Collected data: Begin

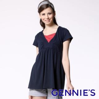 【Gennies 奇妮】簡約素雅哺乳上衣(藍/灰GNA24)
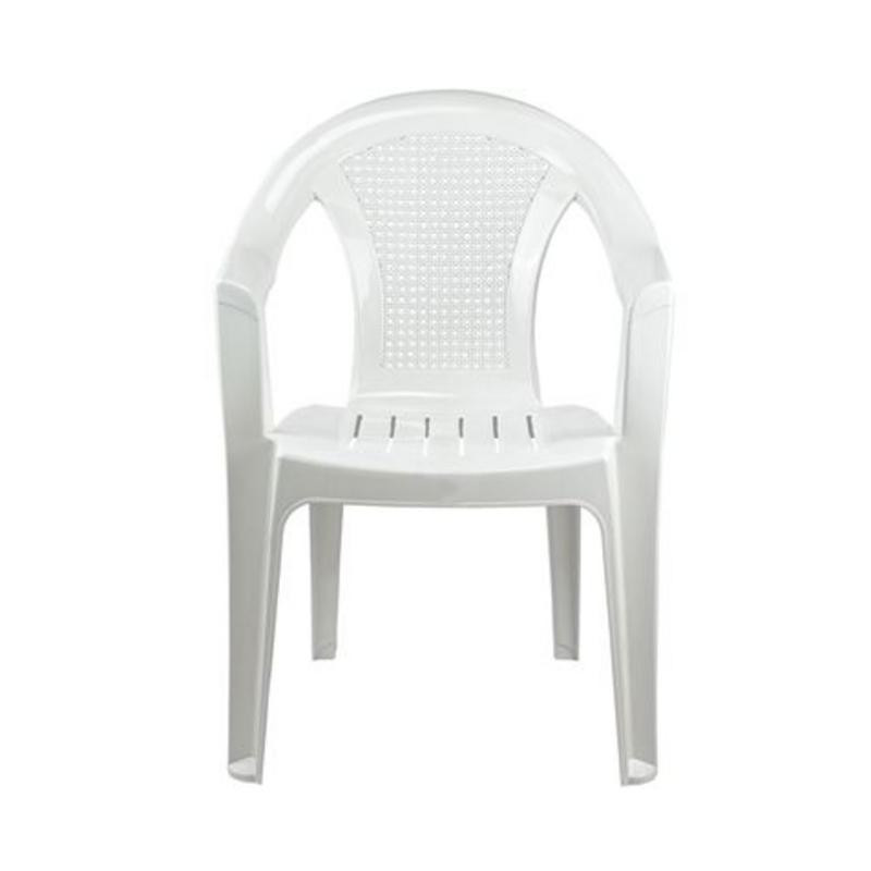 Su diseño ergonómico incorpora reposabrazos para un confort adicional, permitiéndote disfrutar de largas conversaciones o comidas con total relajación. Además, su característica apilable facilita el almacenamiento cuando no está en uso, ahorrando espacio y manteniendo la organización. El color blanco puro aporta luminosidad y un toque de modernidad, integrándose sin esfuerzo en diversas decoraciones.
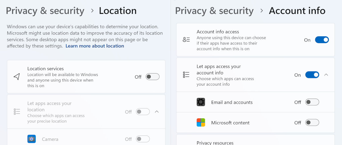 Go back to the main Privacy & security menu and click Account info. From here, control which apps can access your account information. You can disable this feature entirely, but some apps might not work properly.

Collected data: End

■ Assignment: Reproduce every line above exactly as written, omitting the images.

■ Answer space:
 【Gennies 奇妮】簡約素雅哺乳上衣(藍/灰GNA24)
 Su diseño ergonómico incorpora reposabrazos para un confort adicional, permitiéndote disfrutar de largas conversaciones o comidas con total relajación. Además, su característica apilable facilita el almacenamiento cuando no está en uso, ahorrando espacio y manteniendo la organización. El color blanco puro aporta luminosidad y un toque de modernidad, integrándose sin esfuerzo en diversas decoraciones.
 Go back to the main Privacy & security menu and click Account info. From here, control which apps can access your account information. You can disable this feature entirely, but some apps might not work properly.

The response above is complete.